--- How to complete this task ---
All pictures are to be omitted while the lines starting at the line with "Wir freuen uns" and ending at the line with "TUTUYAN – Sekretaris" in the material below are retyped exactly, both ends included.

--- Supplied data ---
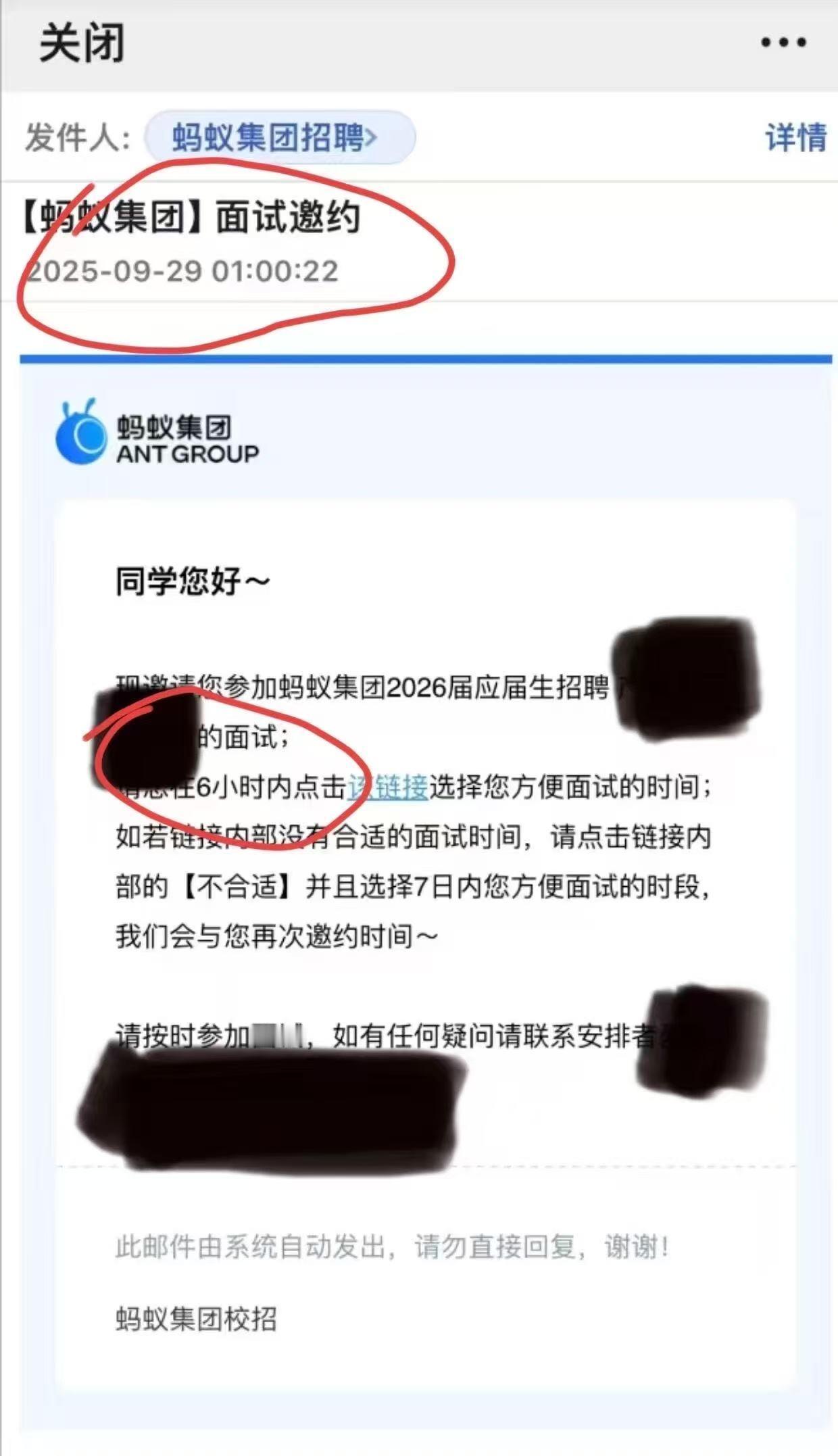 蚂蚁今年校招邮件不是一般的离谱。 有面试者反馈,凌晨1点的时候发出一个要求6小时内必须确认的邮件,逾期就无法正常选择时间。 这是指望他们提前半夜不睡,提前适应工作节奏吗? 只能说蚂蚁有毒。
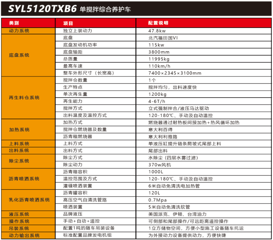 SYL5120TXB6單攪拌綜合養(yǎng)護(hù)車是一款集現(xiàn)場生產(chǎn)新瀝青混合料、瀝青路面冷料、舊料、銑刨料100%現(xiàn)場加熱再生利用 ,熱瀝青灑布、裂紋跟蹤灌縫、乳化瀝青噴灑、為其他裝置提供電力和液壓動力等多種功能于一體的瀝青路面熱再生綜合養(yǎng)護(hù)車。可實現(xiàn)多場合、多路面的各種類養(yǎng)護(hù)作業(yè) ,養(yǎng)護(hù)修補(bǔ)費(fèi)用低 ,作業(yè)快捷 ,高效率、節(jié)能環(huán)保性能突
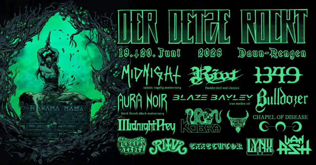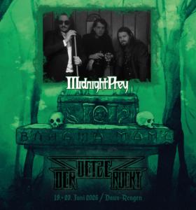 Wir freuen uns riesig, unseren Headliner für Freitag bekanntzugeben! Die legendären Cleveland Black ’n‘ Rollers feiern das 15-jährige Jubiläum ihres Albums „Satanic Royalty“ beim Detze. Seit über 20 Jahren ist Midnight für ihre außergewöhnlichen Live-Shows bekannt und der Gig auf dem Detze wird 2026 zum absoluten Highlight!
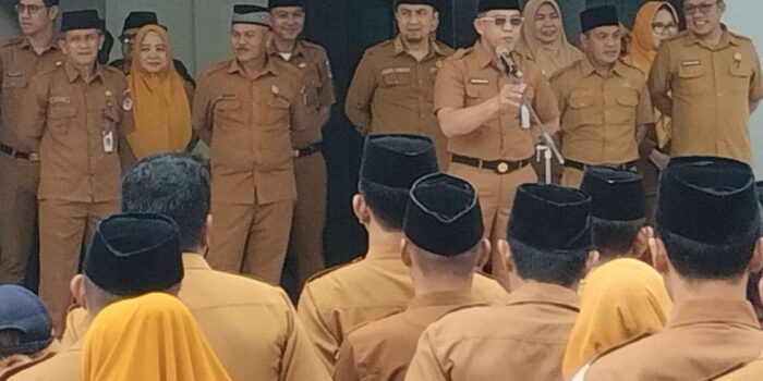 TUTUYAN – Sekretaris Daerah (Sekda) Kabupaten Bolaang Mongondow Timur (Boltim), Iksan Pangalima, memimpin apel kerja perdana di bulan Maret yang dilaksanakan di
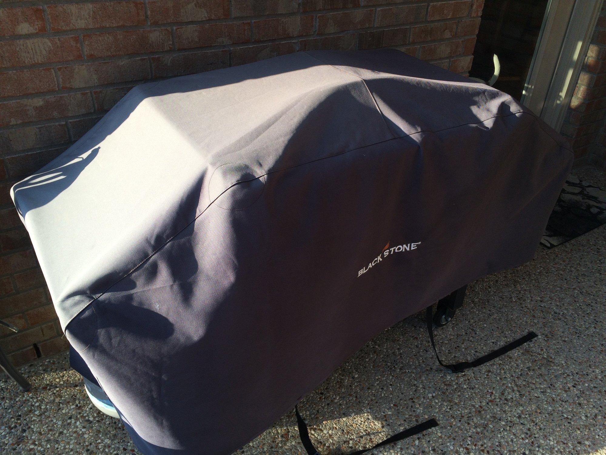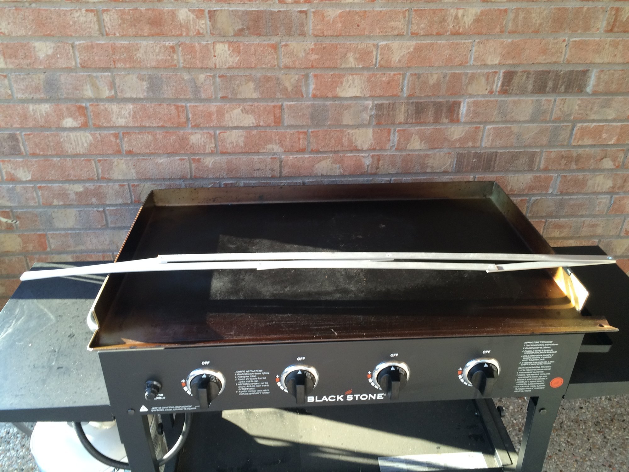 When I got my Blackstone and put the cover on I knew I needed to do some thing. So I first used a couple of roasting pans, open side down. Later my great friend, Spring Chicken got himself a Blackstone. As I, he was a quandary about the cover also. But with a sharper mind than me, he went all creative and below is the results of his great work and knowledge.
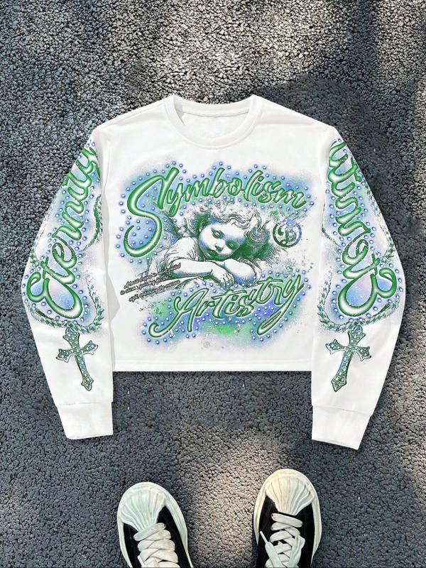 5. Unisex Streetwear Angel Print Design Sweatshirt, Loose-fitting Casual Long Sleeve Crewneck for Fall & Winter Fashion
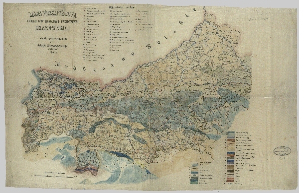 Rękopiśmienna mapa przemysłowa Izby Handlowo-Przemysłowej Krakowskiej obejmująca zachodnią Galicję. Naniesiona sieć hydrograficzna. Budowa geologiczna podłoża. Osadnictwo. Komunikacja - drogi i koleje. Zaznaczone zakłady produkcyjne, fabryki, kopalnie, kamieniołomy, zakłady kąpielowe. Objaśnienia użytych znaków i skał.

--- The completed task ---
 Wir freuen uns riesig, unseren Headliner für Freitag bekanntzugeben! Die legendären Cleveland Black ’n‘ Rollers feiern das 15-jährige Jubiläum ihres Albums „Satanic Royalty“ beim Detze. Seit über 20 Jahren ist Midnight für ihre außergewöhnlichen Live-Shows bekannt und der Gig auf dem Detze wird 2026 zum absoluten Highlight!
 TUTUYAN – Sekretaris Daerah (Sekda) Kabupaten Bolaang Mongondow Timur (Boltim), Iksan Pangalima, memimpin apel kerja perdana di bulan Maret yang dilaksanakan di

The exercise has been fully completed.